Yesterday, my mom and I took my daughters to a movie and then to the park. My eldest has just figured out how to swing on the monkey bars and was desperate to show off her new talent to grandma. My youngest, not to be outdone, recently learned how to pump her legs and swing herself and she couldn't wait to get up in the sky and close her eyes and feel like flying.
This kid, my youngest, used to be afraid of swings. It was the one thing she was afraid of, but no more. Now we can officially say she's fearless. As you might expect, this means that my nerves are almost constantly frayed as she leaps from one death-defying act to another. For a kid with no sense of danger, she has made it through four years surprisingly unscathed, but she has had her fair share of minor scrapes and spills.
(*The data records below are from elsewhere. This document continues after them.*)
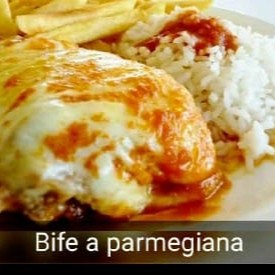 Bife a parmegiana com molho de tomate e queijo derretido, arroz branco soltinho, feijão, fritas e saladinha. Serve bem 1 pessoa.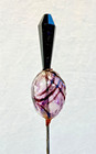 Antique Hat Pin Blown Amethyst Art Glass Faceted Black Top Extra Long 9 3/4”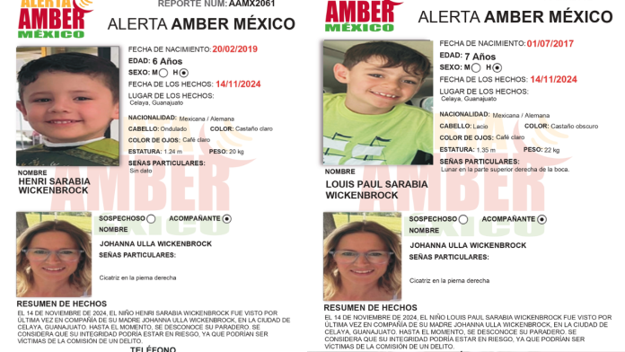 Guanajuato.- Desde el pasado 14 de noviembre de 2024, los hermanos Louis y Henri Sarabia Wickenbrock, de 6 y 7 años de edad, desaparecieron con su madre Johanna Ulla Wickenbrock en el municipio de Celaya, en Guanajuato.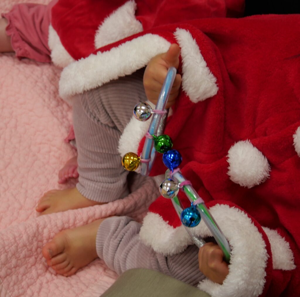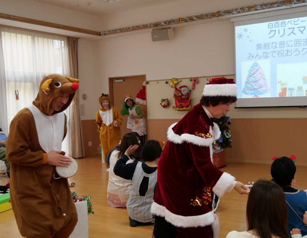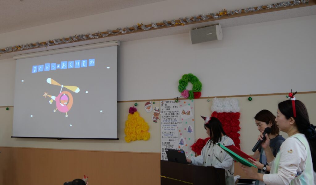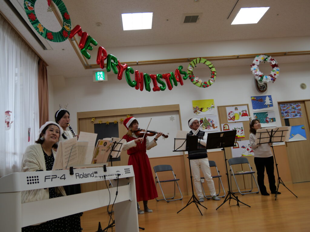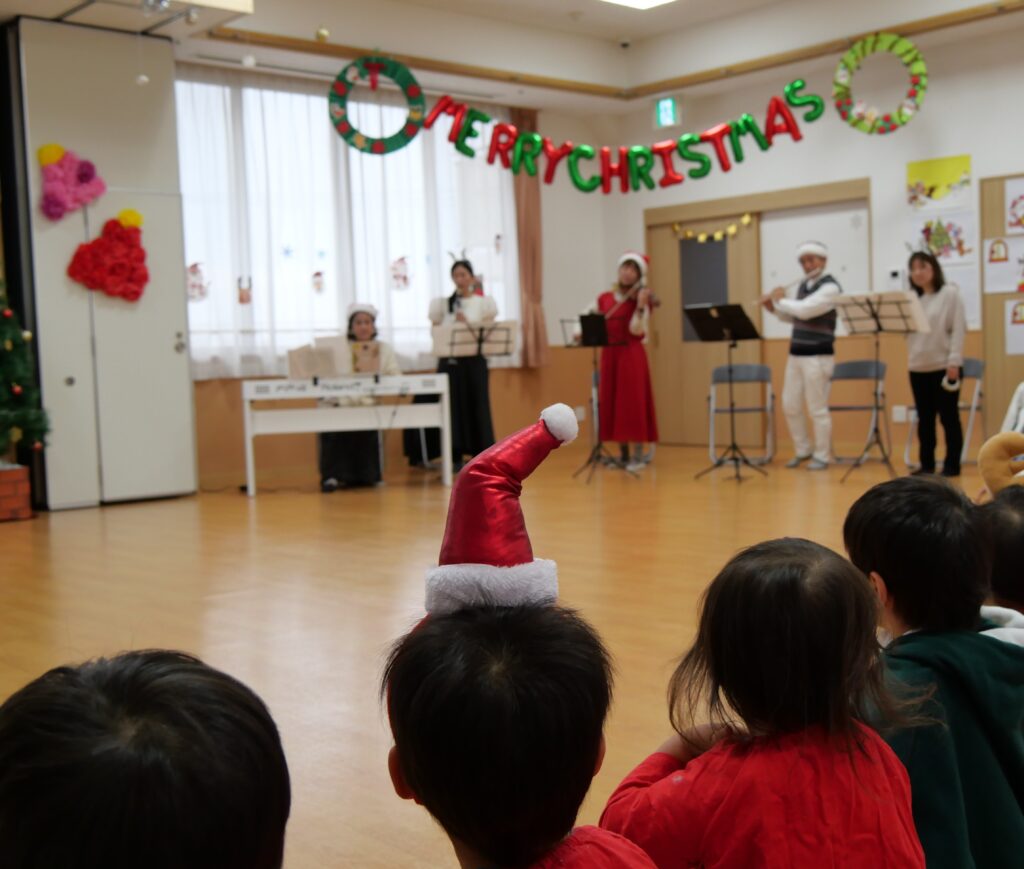 12月25日クリスマス会を行いました。2025年のテーマは「素敵な音に囲まれて・・・みんなで祝おうクリスマス!」でした。ダッドウェイさんが、今年も楽器の演奏をしにきてくれました。バイオリンやクラリネット、フルートなど、普段はあまり馴染みのない楽器を一つひとつ紹介し、生演奏を披露してくださいました。演奏に合わせて体を揺らす子、手を叩く子、間近に楽器を見にいく子、寄付でいただいた太鼓を鳴らす子など、子どもたちの反応は様々ですが、音に合わせてそれぞれの表現を楽しんでいる子どもたちは、とても生き生きとした笑顔で溢れていました。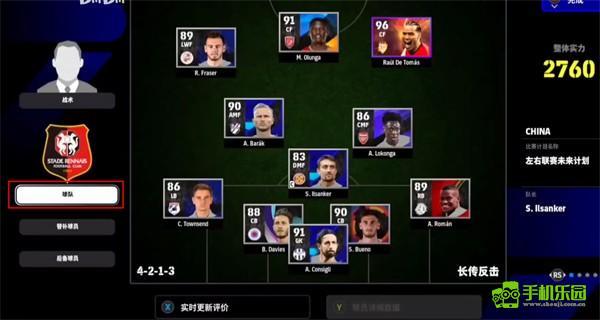 3、“比赛计划”页面下点击“球队”,即可调出动态战术板——拖拽球员图标调整站位,滑动滑块设定压迫强度,长按技能图标激活特殊指令,战术不再是静态模板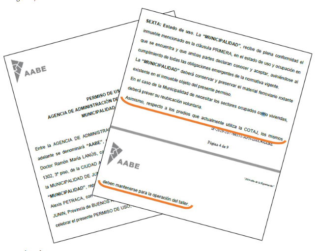 En la cláusula sexta del documento, al que tuvo acceso Democracia, se dispone que “respecto a los predios que actualmente utiliza la COTAJ (sic), los mismos deben mantenerse para la operación del taller”. En cuanto a las obligaciones de la municipalidad sobre los terrenos cedidos, el mismo artículo también define que se “deberá conservar y preservar el material ferroviario rodante existente en el inmueble objeto del presente permiso”.
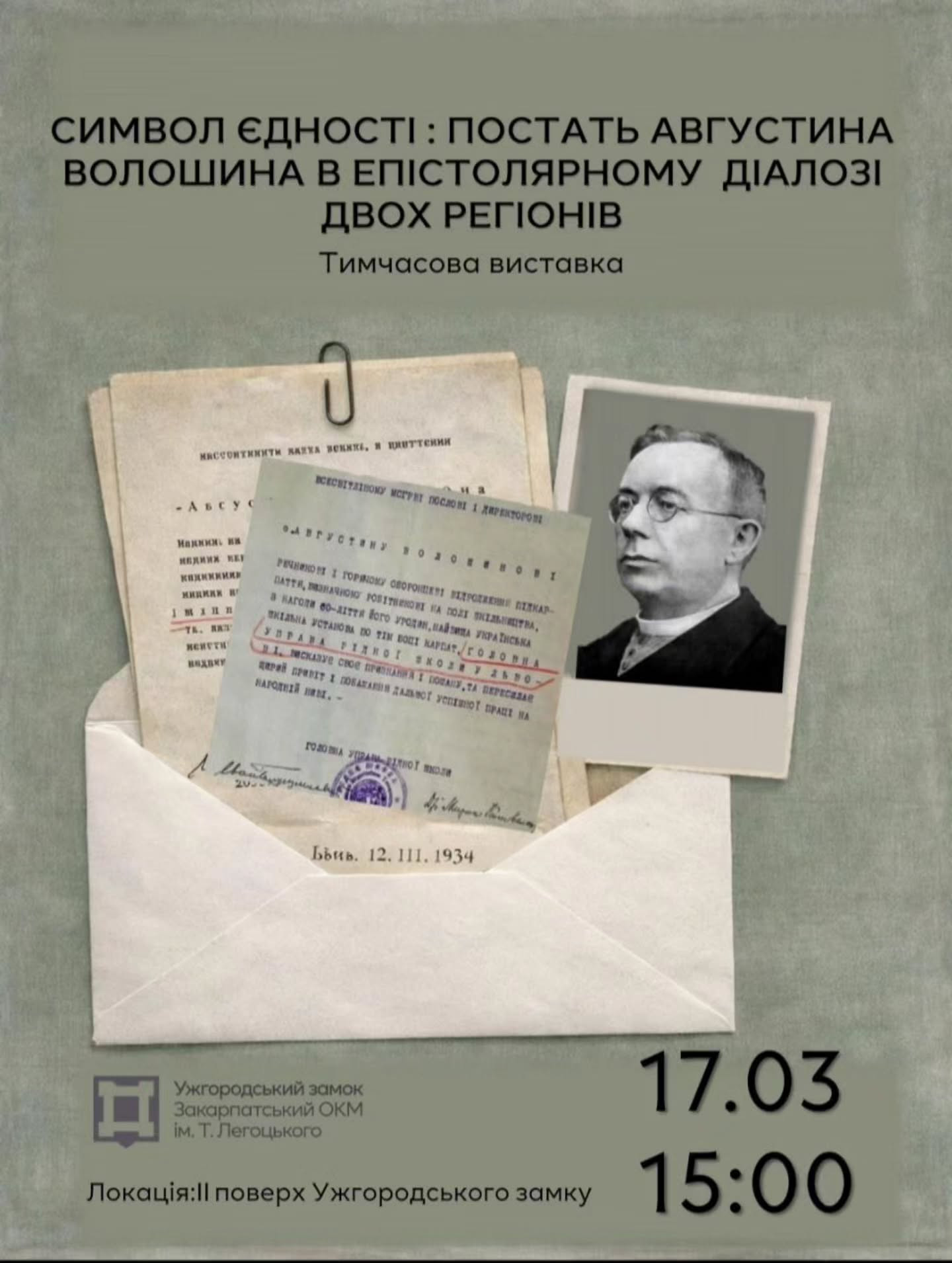 Запрошуємо на відкриття тимчасової виставки, присвяченої видатному громадському, політичному та культурному діячеві — Августин Волошин, чия діяльність стала важливою частиною української історії першої половини ХХ століття.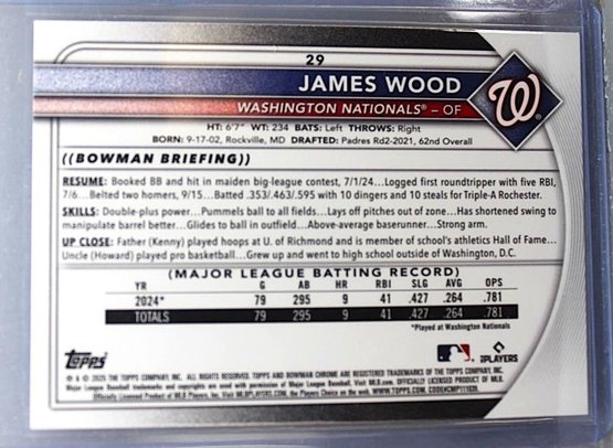 2025 Bowman Chrome: James Wood {Rookie Card - Mojo Refractor}

Which is why, when I first heard her crying from across the playground yesterday, I wasn't overly concerned. I looked over and saw her scooped in my mom's arms and assumed she had fallen and skinned her knee. But there were a lot of people seemingly frozen, staring at her, and there was a man standing in front of my mom saying something which I couldn't hear over the crying, crying which wasn't stopping. I ran.
I got to her and saw that her little face was covered in blood. I heard the man's voice apologizing and saying that it had never happened before. It seems my daughter, who adores dogs, had asked to pet the man's dog and he had said yes. She was petting the dog and tried to give it a hug and the dog turned and bit her face.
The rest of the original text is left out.